Lets take the following dataframe - Please ignore the output column for input. Output column is the expected output. It is difference in required dates
data = [
['Group1', 20211129, 'i', 0, 0],
['Group1', 20211202, 'r', 465852069, 3],
['Group1', 20211202, 'r', 465852070, 3],
['Group1', 20211206, 'i', 0, 0],
['Group1', 20211213, 'i', 0, 0],
['Group2', 20211129, 'i', 0, 0],
['Group2', 20211206, 'i', 0, 0],
['Group2', 20211210, 'r', 466486129, 11],
['Group2', 20211213, 'i', 0, 0],
['Group2', 20211227, 'i', 0, 0],
['Group2', 20220103, 'i', 0, 0],
['Group2', 20220104, 'r', 467650236, 22],
['Group2', 20220105, 'r', 467754363, 23]
]
data = pd.DataFrame(data, columns=['group', 'date', 'type', 'rid', 'output'])
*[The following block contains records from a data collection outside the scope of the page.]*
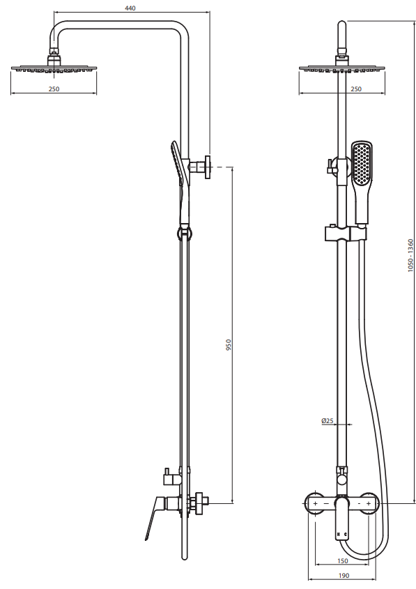 KOLUMNA NATRYSKOWA Z BATERIĄ MIESZAKOWĄ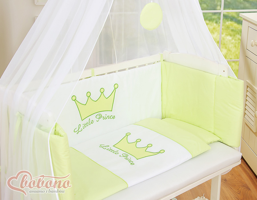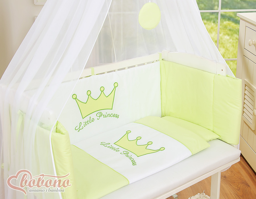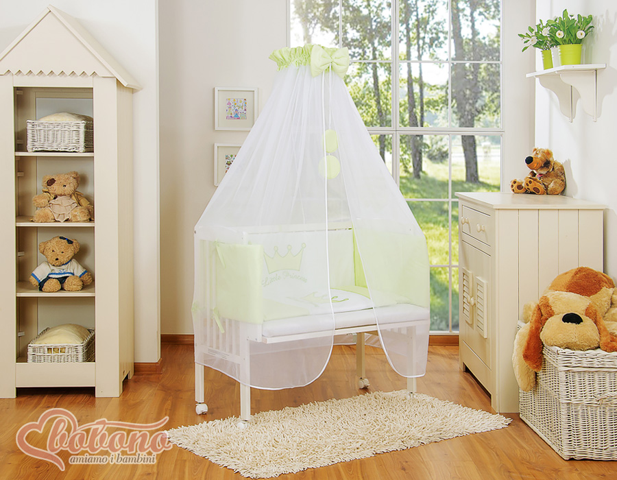 Kleinbaby.nl » Ledikanten 120x60 cm » Bijzetbed » bedkant wieg met Beddengoed » Bijzetbed baby met Matras en beddengoed - Groen Little Prince Princess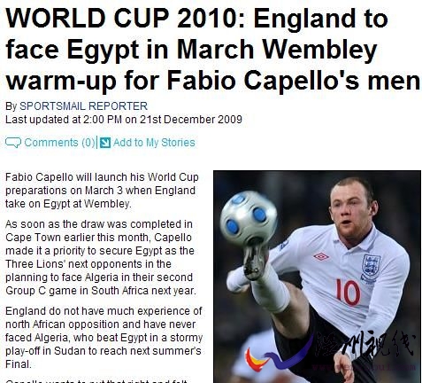 在本月初世界杯分組抽簽出爐后,英格蘭國家隊主帥卡佩羅就把埃及列為世界杯熱身賽的主要對手,因為在世界杯小組賽中,“三獅軍團”將迎戰同為非洲球隊的阿爾及利亞。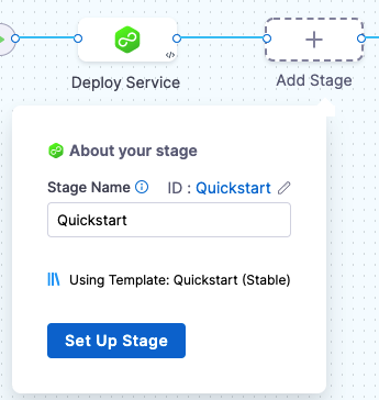 The About your stage dialog opens. Enter Quickstart, and then select Set Up Stage.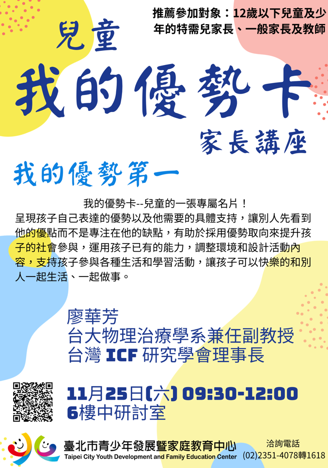 「我的優勢第一!」協助家長看見兒童的優勢, 運用兒童優勢參與學習和生活,臺北市青少年發展暨家庭教育中心11月25日上午舉辦兒童「我的優勢卡」家長 講座,歡迎報名參加,詳情可上網查詢。

data.date = pd.to_datetime(data.date, yearfirst=True, format='%Y%m%d')
data
For each of the record of type
r, I need to find farthest type
i in upward direction in each of the group
but should not cross type
r. In the above example, for row 1, row 0 is the farthest i. for row 2, again row 0 is the farthest i. For row 7 which is Group, row 5 is the farthest i. For row 11, row 8 is the farthest i as we can not jump an r. For row 12, again row 8 is the farthest i. Final goal is to get the difference between the date fields corresponding to 'r' and the farthest 'i'.
I tried bfill on rid
but to no success. I think there should be simpler way to achieve this.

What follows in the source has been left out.